Степь — страница 17 из 30


Отец загнал фуру в большой производственный склад. В брезентовых верхонках и запасных штанах он расчехлил кузов и откинул борт, началась погрузка. Мне было велено не вылезать из машины, и я чувствовала, как прицеп у меня за спиной проседает под тяжестью трубы. Я прислушивалась к гулу, отражавшемуся от складских стен, где шумела техника и тяжело лязгало железо. Мужские голоса вырывались из общего звука, слов разобрать было невозможно, но можно было понять по интонации: грузят не туда и недостаточно, кладут плохо и с прорехами, а значит, мало получится уложить или в пути труба испортится от качки.
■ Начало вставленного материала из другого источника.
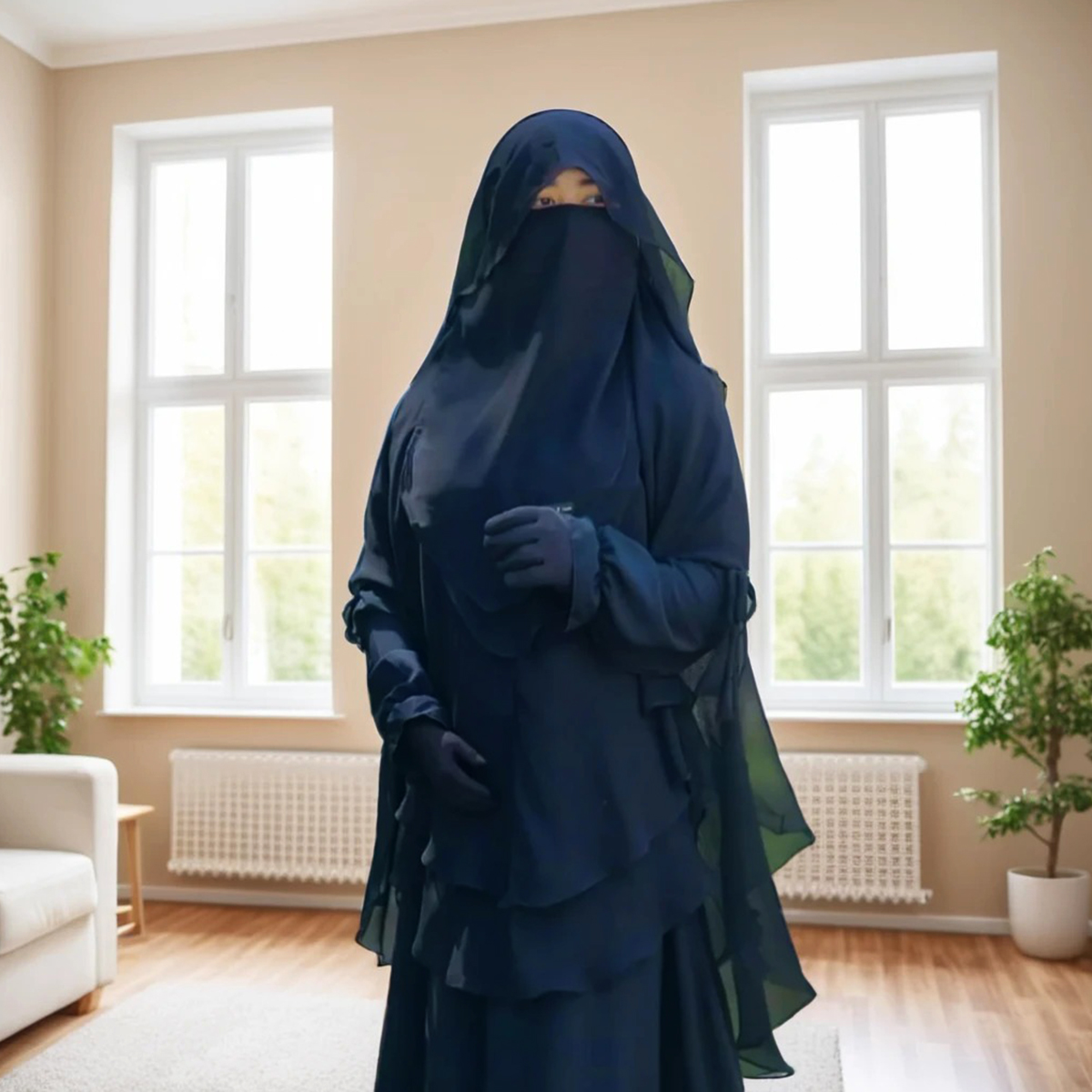 This three-part hoodie niqab offers full coverage and is made from soft, breathable jorjet fabric. Ideal for prayer or daily wear, it provides comfort and modesty with its unique design. The niqab features a practical hood for added coverage, with adjustable straps for a customized fit. Available in various sizes, it is perfect for women looking for stylish yet functional modest wear. The jorjet material ensures a smooth, lightweight feel while maintaining durability.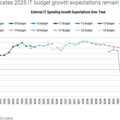 Morgan Stanley 针对美国和欧洲企业延续多年的 CIO 调研中,2025Q1 结果显示 2025 年的 IT 支出同比去年会增长 3.7%(图 1 列出了 2008Q3 至今的全部调研结果)。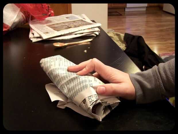 1. doble la esquina inferior sobre cosas y conos de pino.

Я курила и складывала окурки в пустую пачку. Шум склада поглощал все, что в него попадало. Нельзя было читать или размышлять о чем-то, не связанном с этим местом. Здесь можно было быть и все. Я смотрела на блоки с трубами и бетонными плитами в десятке метров от себя, a потом перевела взгляд на въезд в склад, во дворе склада в своем порядке стояли все те же трубы и бетон. Здесь все было одинаковым, жестким и пыльным.

Мне было скучно.

Погрузка длилась три часа.


Мы ехали сквозь белый дым, и чем ближе мы продвигались к Москве, тем плотнее он становился. Я знала лесные пожары по жизни в Сибири, но города там строили с учетом розы ветров, поэтому дым до города не доходил, как не доходил до города и дым от заводских труб. Иногда пару дней пахло прелой переработанной целлюлозой. Но это совсем не то.


Дороги Центральной России все в зелени, ну ты и без меня знаешь. Мягкое черное полотно разворачивается между лиственными лесами и полями. На каждом часу то с одного, то с другого края тулятся полуразрушенные деревни. И у дорог стоят скамейки с молоком, соленьями, рыбой и сезонными овощами. Старухи продают что у них есть.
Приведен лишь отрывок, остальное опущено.